Varese

Varese, all’Insubria convegno nazionale su Persona Down. Tra medicina e arte

I partecipanti al convegno

I partecipanti al convegno

Cultura, sessualità, autonomia: associare questi concetti alle Persone Down è un tabù? Proprio per affrontare, da una prospettiva nuova, la ricerca scientifica sulla Sindrome di Down, l’Università degli Studi dell’Insubria organizza a Varese dal 16 al 18 ottobre, il Convegno nazionale “La Persona Down, visioni nuove e utopie possibili”. Giunto alla terza edizione, dopo il Convegno “La Persona Down, progettiamo un futuro adulto” del 2009 e “La Persona Down e il mondo del lavoro” del 2011, quest’anno il convegno è incentrato su aggiornamenti in campo scientifico, presentazione di progetti di formazione scolastica, integrazione sociale e inserimento lavorativo realizzati in Italia e all’estero. Il convegno è organizzato dall’Università dell’Insubria con il Patronato di Regione Lombardia, l’ASL di Varese, l’Ospedale di Circolo e Fondazione Macchi di Varese, il Comune di Varese e la Provincia di Varese, l’Ufficio Scolastico Provinciale.

“Questo convegno rappresenta un momento di riflessione corale sulla Sindrome di Down – racconta Giovanna Brebbia, medico chirurgo, responsabile scientifico dell’iniziativa -. L’idea di fondo del convegno è, partendo dall’analisi di esperienze già attuate, dimostrare che ciò che in passato sembrava un’utopia per i ragazzi con sindrome di Down, oggi è invece realtà”. 

A portare il contributo del Comune di Varese, l’assessore a Persona e Famiglia Enrico Angelini. “Un convegno di grande spessore, che approfondisce anche un tema centrale come il rapporto e l’integrazione con il territorio sul fronte di questioni importanti come il lavoro – spiega Angelini -, Tematiche sulle quali occorre riflettere per individuare approcci che non si esauriscano in termini assistenzialistici. E’ necessario infatti fare un salto di qualità verso una dignità piena e un compimento pieno della personalità di questi uomini e di queste donne. E su questo è opportuno che le amministrazioni locali si impegnino a fondo”.

E’ intervenuto anche il commissario straordinario dell’Asl di Varese, Piergiorgio Berni: “l’Asl è sempre partecipe e sostiene i percorsi formativi e informativi, soprattutto se in relazione a chi è svantaggiato. Davvero interessante un convegno come questo, che può offrire nuovi spunti e nuove idee da sviluppare nel tempo”. Il punto di vista ospedaliero è stato invece portato dal direttore di presidio del Circolo di Varese, Andrea Larghi: “Il nostro impegno non si esaurisce solo nel momento della cura. In collaborazione con l’Università dell’Insubria, sviluppiamo momenti di approfondimento e studio. Infine non dimentichiamo mai la dimensione dell’ascolto, dell’accoglienza, del servizio”.

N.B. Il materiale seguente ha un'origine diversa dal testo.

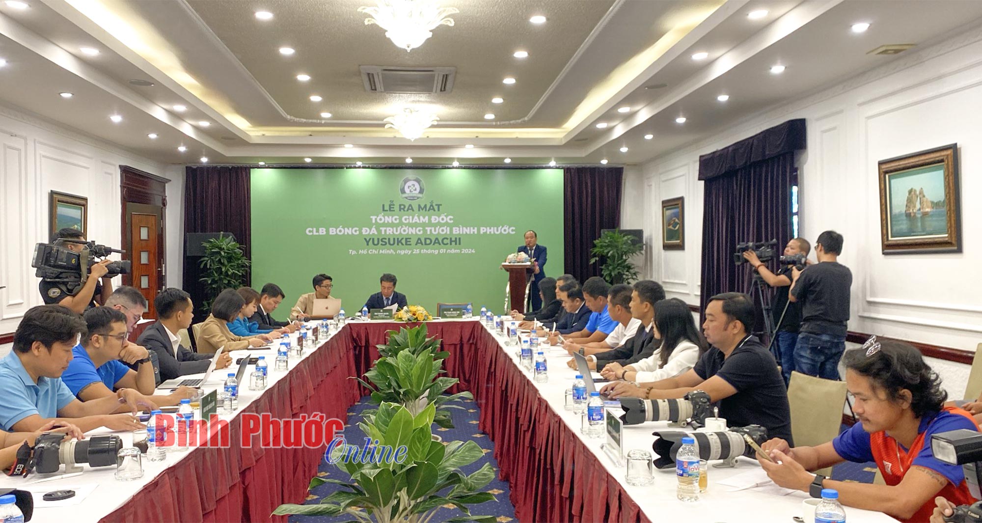 Quang cảnh buổi ký kết, công bố bản hợp đồng dài hạn giữa CLB Trường Tươi Bình Phước với Tổng Giám đốc điều hành Adachi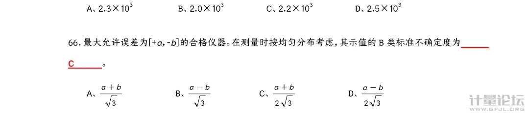 題目出得不好。 最大允許誤差可以表示為±Δ,同時也可以表示為【+Δ,-Δ】,按常規的表達方式,這里的Δ應為正常數。同理題干【+a,-b】中的a、b也應當是正常數,分子(既可能的誤差區間)應為a+b。 個人認為這里a、b的正負是一種表示習慣,并不構成考點,這道題目出得很失敗。 繼續推導,誤差區間半寬為(a+b)/2,B類不確定度為(a+b)/2根號3 |
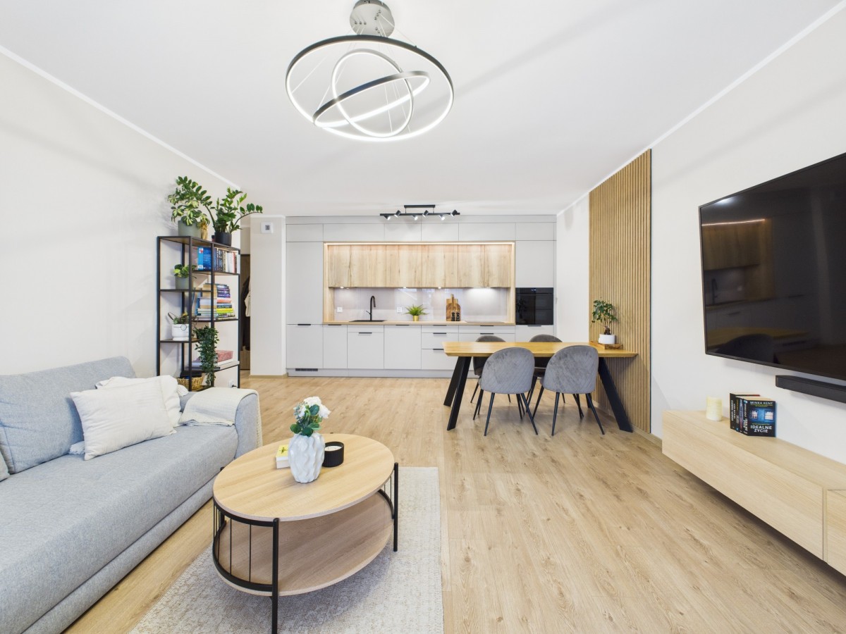 - Duży pokój z otwartą kuchnią i wyjściem na taras;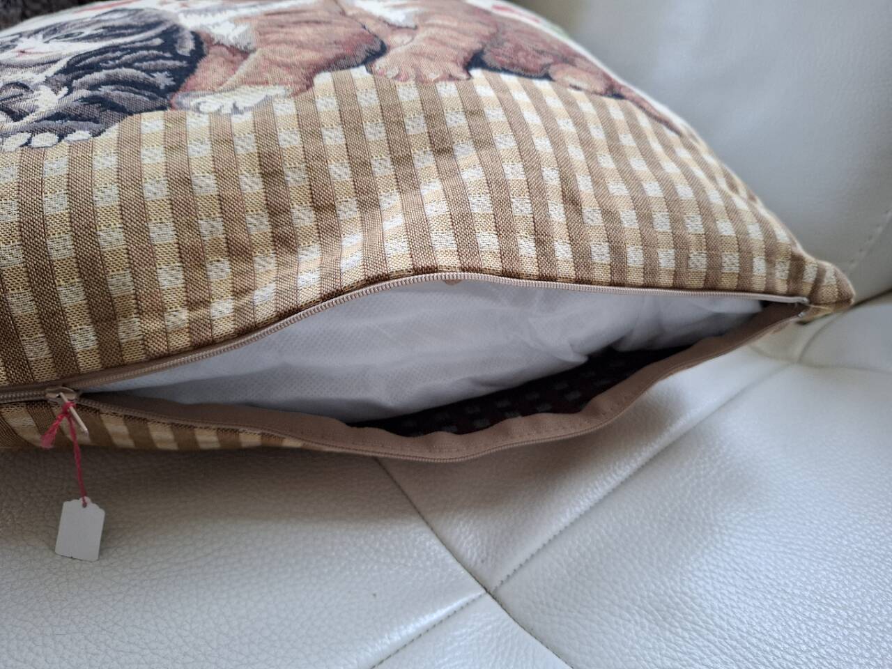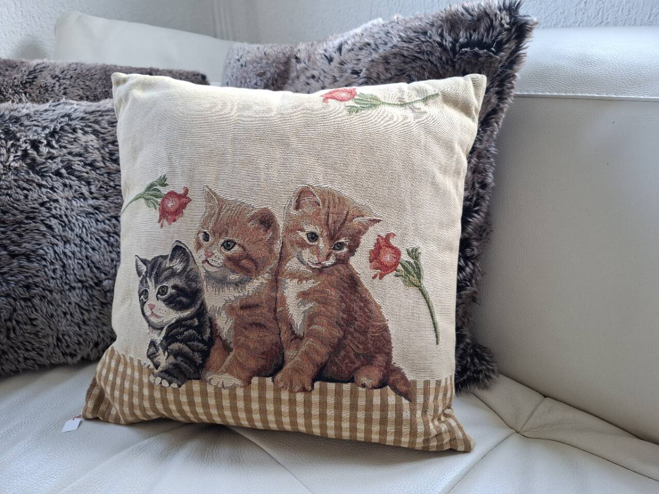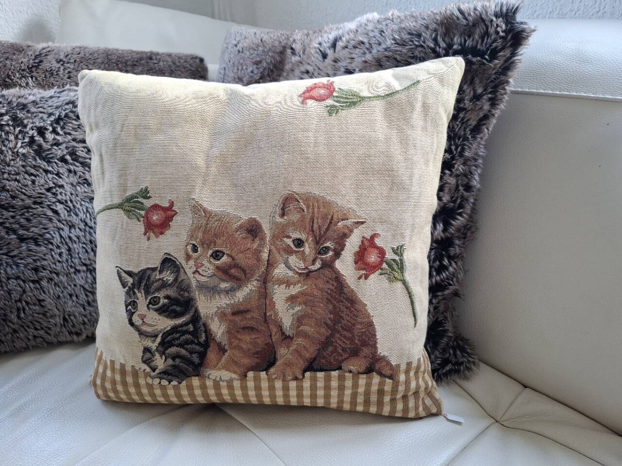 schöner Dekorationsstoff im Leinen-Stil, vorne und hinten das gleichgewobene Motiv, unten mit Reissverschluss und herausnehmbarem Kissen.

Il tratto distintivo del convegno è la multidisciplinarietà: durante le tre giornate, infatti, si alterneranno come relatori e moderatori circa ottanta specialisti nel settore medico, psicologico, sociale, scolastico, giuridico. A sintetizzare il messaggio del convegno un bel cortometraggio “Friendly”, sul tema dell’amicizia, realizzato da Jacopo Bernard, Maria Elisa Altese e Daniele Bonfatti del Laboratorio Multimediale dell’Università degli Studi dell’Insubria, su soggetto di Giovanna Brebbia. Fondamentale l’apporto di competenze e idee provenienti dall’arte, dalla musica, dal teatro, dalla riflessione umanistica.

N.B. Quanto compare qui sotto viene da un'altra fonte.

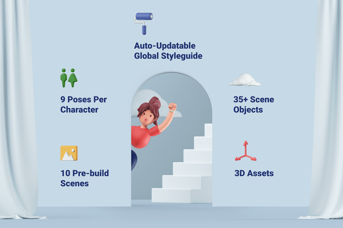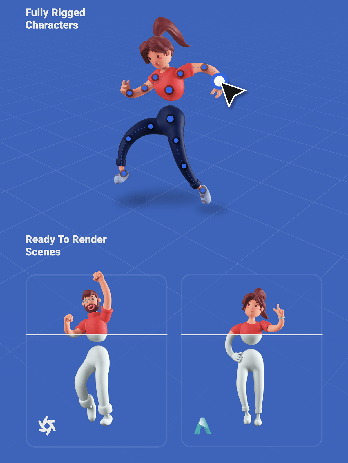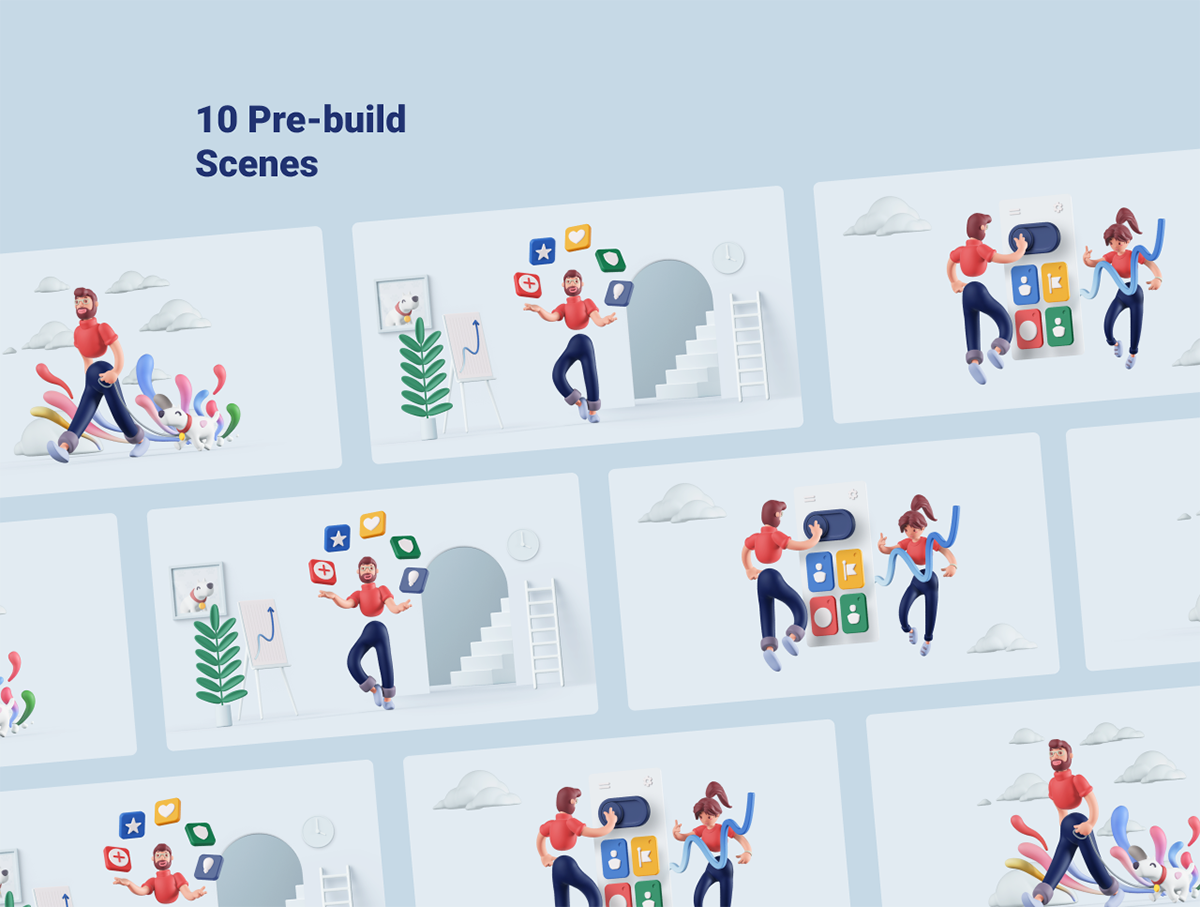 模型数量:包括2个完全绑定角色、每个角色9个不同姿势、35个以上场景对象以及10个预构建场景、只需单击一下即可在Octane和Arnold渲染引擎中进行渲染。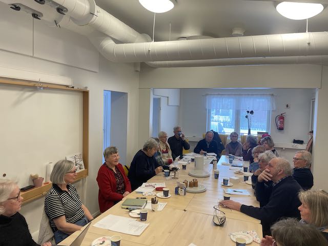 Inte tänkte jag aktivera mig nämnvärt i Hobbygrupperna heller men har kommit att njuta till fullo av de Pratgladas aktiva gäng och våra inspirerande diskussioner. Vi har diskuterat allt från språkbruket i media till varför det är så tråkigt i kyrkan. Gruppens moderator är väl förberedd på diskussionsämnet och leder åsiktsyttringarna med fast hand – alla kommer till tals! Jag hoppas att flera pensionärer blir nyfikna på gruppen.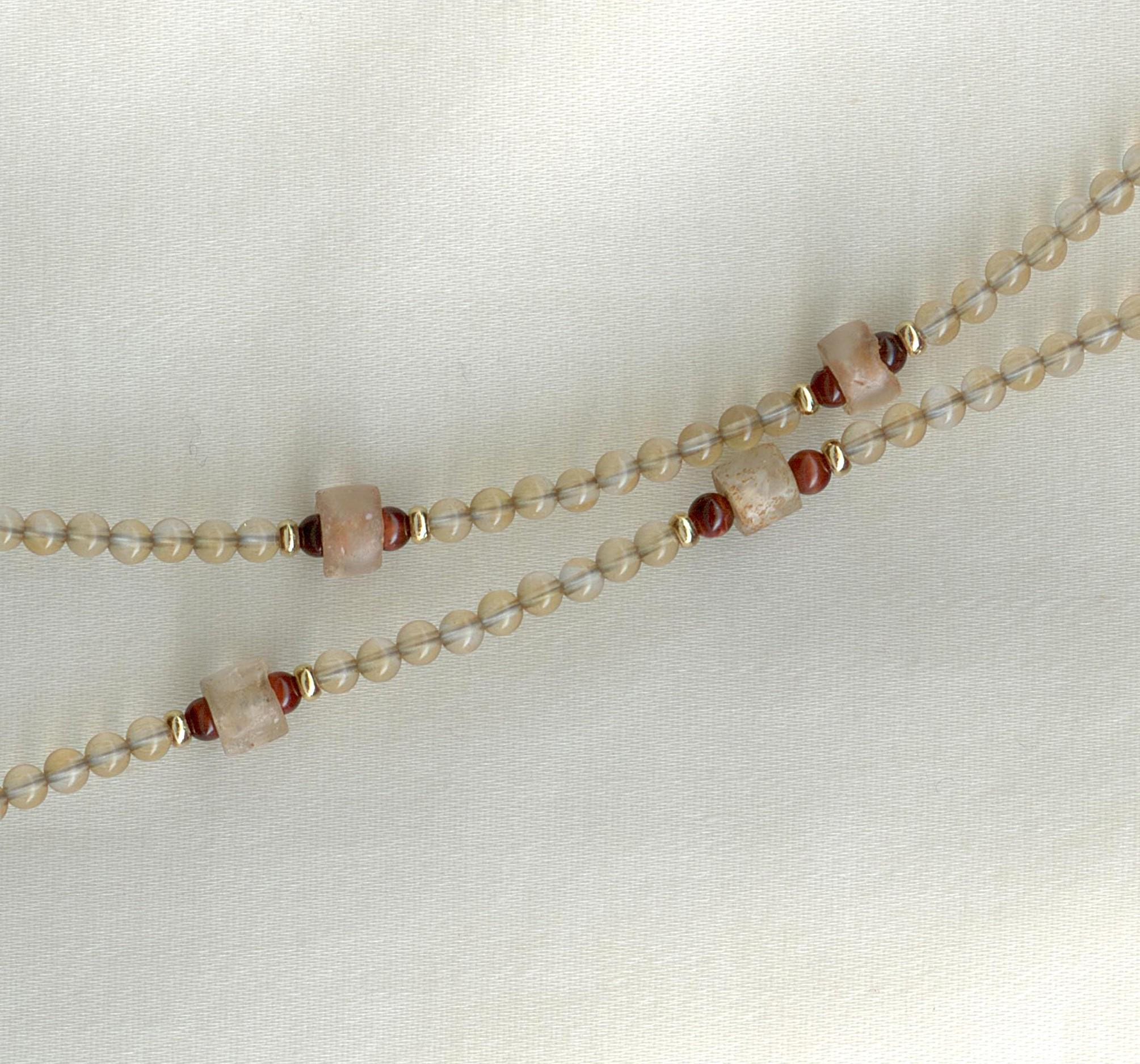 Quartz beads found in Mali with a likely date range from Neolithic times to 1,000 AD. They are beautiful and increasingly rare. They have the characteristic cone shaped holes resulting from the hand drilling methods used since Neolithic times in northern Africa.

“Ringrazio non soltanto l’Università, la Regione Lombardia, l’Ospedale, l’Asl, Il Comune e la Provincia, che hanno sostenuto fattivamente questa iniziativa fin dalla sua prima edizione, ma anche tutti i relatori e i moderatori che attraverso le loro diverse professionalità apportano il loro prezioso contributo con dedizione e competenza” conclude la dottoressa Brebbia.

Le relazioni sono state raccolte in un volume pubblicato dalla casa editrice IUP, “La Persona Down, visioni nuove e utopie possibili”, a cura di Giovanna Brebbia, con Prolusione del professor Fabio Minazzi e fotografie di Carlo Meazza.